Norwegian nursing teacher
Ulrikke Eleonore "Rikke" Nissen (16 March 1834 – 10 January 1892) was a Norwegian nursing teacher; the first female nursing teacher in Norway.
She was born in Trondhjem as a daughter of merchant Martinus Nissen (1800–1836) and Ida Susanne Amalie Hagerup (1808–1885). Her father died when she was only one year old, and she grew up in Romedal after her mother married Severin Henrik Ræder (1800–1878). She was a sister of Bolette Gjør, niece of Hartvig Nissen, grandniece of Henrich Steffens, great-granddaughter of Martinus Lind Nissen and a first cousin of Prime Minister Francis Hagerup. She was an aunt of Claus Riiber.[1]
She was homeschooled until 1847, when she enrolled in Lotz Girls School in Christiania.[1] Her sister Bolette also moved to attend school in the capital, and underwent a religious awakening in the milieu of Gisle Johnson.[2] Nissen became familiar with this awakening, and the network of women's missionary associations which her sister worked to establish.
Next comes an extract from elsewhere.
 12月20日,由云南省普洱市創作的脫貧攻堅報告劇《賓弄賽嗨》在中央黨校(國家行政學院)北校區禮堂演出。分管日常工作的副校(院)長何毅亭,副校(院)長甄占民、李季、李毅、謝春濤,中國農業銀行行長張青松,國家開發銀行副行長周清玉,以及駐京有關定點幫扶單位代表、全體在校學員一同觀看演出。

At the same time, in 1851 a Deaconess House was established in Stockholm, Sweden, to educate nurses in a Christian setting. Through numerous magazine articles Nissen began agitating for such an institution in Christiania.[1]
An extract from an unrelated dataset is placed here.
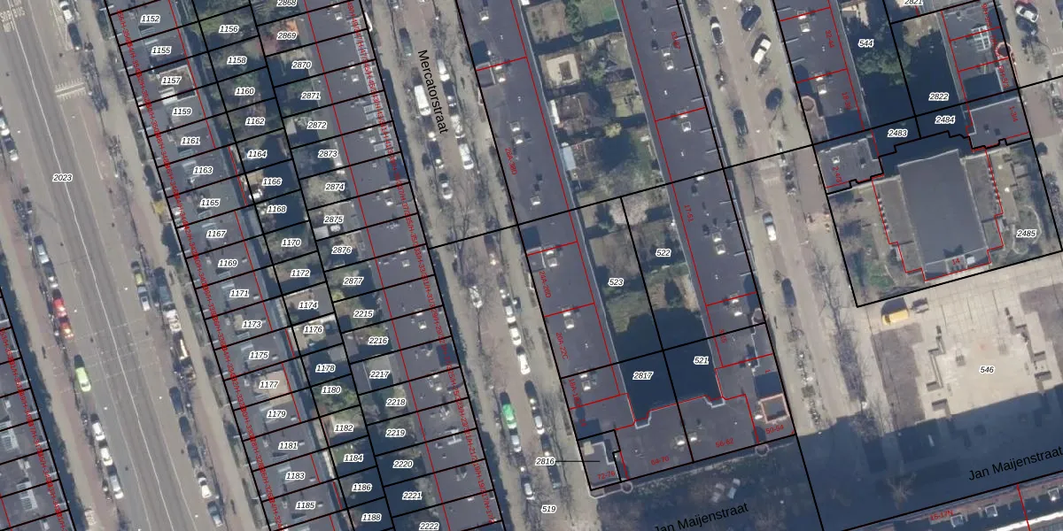 Het perceel waarop Mercatorstraat 26-C staat heeft een oppervlakte van 600 m². Dit is een groot perceel. De perceeloppervlakte wordt geregistreerd door het Kadaster. Gedetailleerde informatie over de maten van dit perceel kunt u vinden in het rapport Kadastrale kaart met maatvoering van Mercatorstraat 26-C.

In 1868 the Deaconess House (now: Lovisenberg Diaconal University College) was founded with Cathinka Guldberg as manager. Nissen travelled in Germany to study similar institutions there, and was subsequently hired as a teacher at the Deaconess House in 1870. In 1877 she wrote Norway's first textbook in nursing, Lærebog i Sygepleie, under the pseudonym R.N. The following year she visited a similar institution in Bergen;[1] in 1878 her sister moved to Christiania and was hired at the Deaconess House as well.[2] From 1884 to 1891 Nissen edited the magazine Fra Diakonissehuset.[1]
Between 1885 and 1888 she stayed in Germany to overcome rheumatism. She wrote two books in German following this stay: Norwegische Bilder aus der Geschichte der weiblichen Diakonie, nebst anderen Liebeswerken (1886) and Henriette Gislesen und ihre Freunde. Ein Bild aus der norwegischen Kirche (1890). She died in January 1892 in Kristiania and was buried at Vår Frelsers gravlund.[1]